Ultimately, with a model as complex as PointNet, it is important to search the hyperparameter space to find the optimal model. It was observed that in a few cases, the model would not converge, but more importantly, the model could experience modal collapse, where the model would convert to declaring all hits as either signal or background instead of the per-hit classification that was desired. The primary mitigation against this, however, is not the hyperparameters but the data preprocessing. Particularly, expanding the training set significantly reduced the occurrence of modal collapse. The original modal collapse is believed to be a consequence of our original training on only 2000 events (~125000 tracks) with over 5 million trainable parameters. One hypothesis about why this modal collapse was so prevalent was its pure effectiveness at reducing the loss function. With a perfect model experiencing this all-on or all-off behavior, the accuracy could be as high as 87%. While technically interesting, this model is ineffective because it does not allow us to make predictions from the model outputs beyond what is already possible by applying a simple pt (momentum) cut.

For a hyperparameter search, beyond shaping the training data and model size, we completed a sweep of the phase space for the learning rate, number of epochs, and loss function energy weighting using Weights and Biases.

Choosing a Validation Metric

The model training makes use of two metrics. First, the loss function was a weighted binary cross-entropy loss function. This function was chosen because it represents the entropic relationship between the predicted and actual values, which is critical for a classification problem, as well as its differentiability, which is critical for backpropagation.
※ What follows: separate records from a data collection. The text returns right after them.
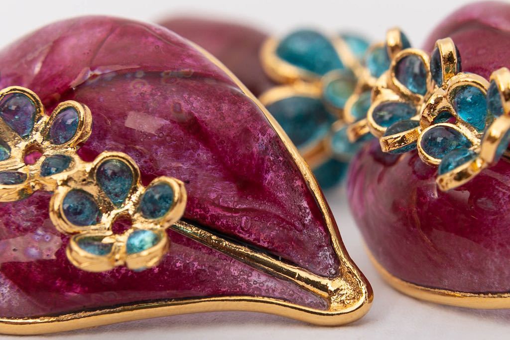 Developed by Gripoix in the 19th century, the glass paste technique uses coloured glass pieces, finely shaped, bringing a touch of art and sophistication to the creations of Augustine.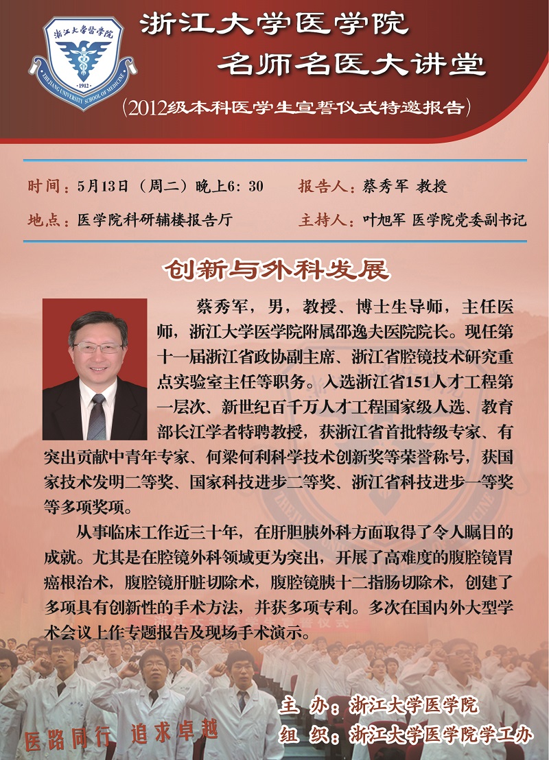 医学院名师名医大讲堂(第六讲)——蔡秀军院长讲座的通知
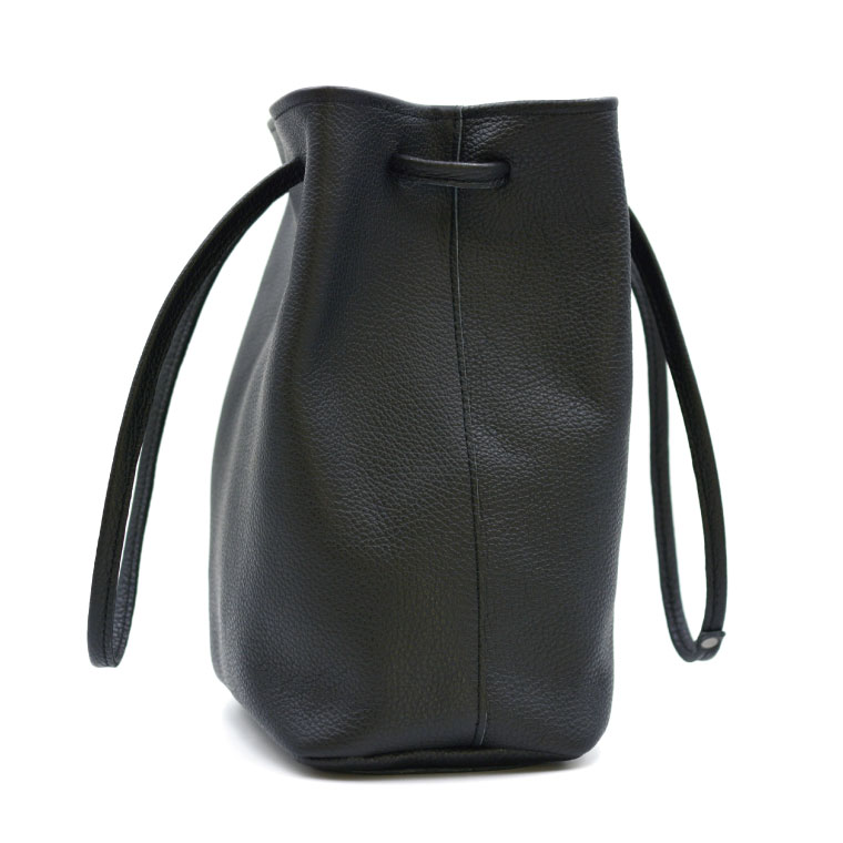 【ふるさと納税】益子の革工房maharoの巾着バッグ(M)ブラック(AX140-3)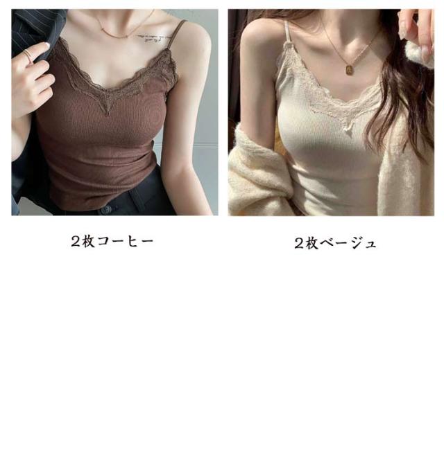 カップ付きキャミソール レース カップ付き キャミソール ブラトップ レディース Vネック 2枚セット タンクトップ キャミソール 下着 ブラキャミソール パジャマ 2枚セット ルームウェア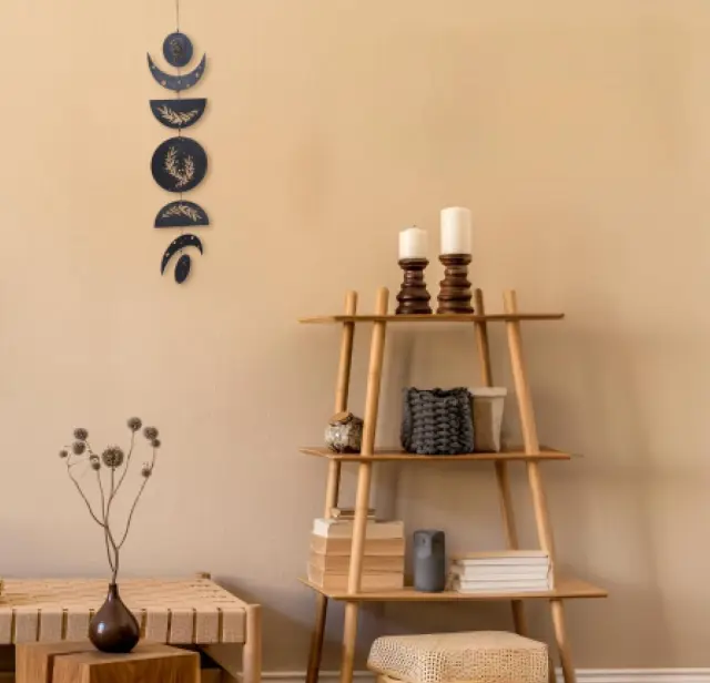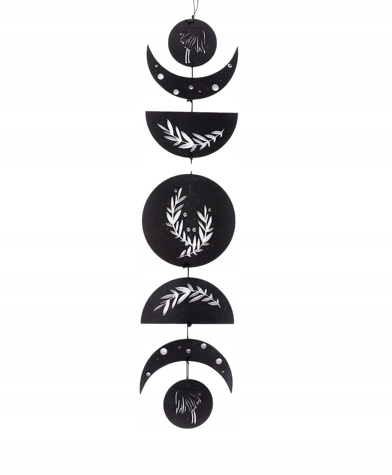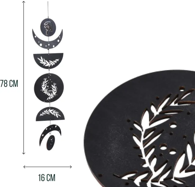 V svoj dom prinesite magijo vesolja z ročno izdelano stensko girlando Happilax z luninimi menami. Ta edinstvena dekoracija je sestavljena iz sedmih skrbno izdelanih elementov, ki predstavljajo vsako fazo lune v elegantni obliki. Izdelana je iz visokokakovostnega lesa in premazana s črnim zaključkom, zato se popolnoma poda k boho slogu in ustvari harmoničen poudarek v vsakem prostoru. Girlanda je idealna za spalnico, dnevno sobo, pisarno ali prostore za meditacijo, kjer ustvarja sproščeno in prijetno vzdušje.

However, the relationship between the loss function and the model performance is not always clear, and the value of the loss function does not translate well to the confidence of the network. For that reason, at the hyperparameter search stage, we used the F1 score as a validation metric. F1 scores measure the model’s ability to correctly identify the signal and background events. Particularly, the F1 score is the harmonic mean of the precision and recall of the model. The F1 score is a good metric for this model because it measures the model’s ability to correctly identify signal and background events, which is the primary goal of the model. The reason that it is not used as the loss function is that it is not differentiable and therefore not suitable for backpropagation.


The model is still in development and being trained on Monte Carlo data, so the results are not yet available.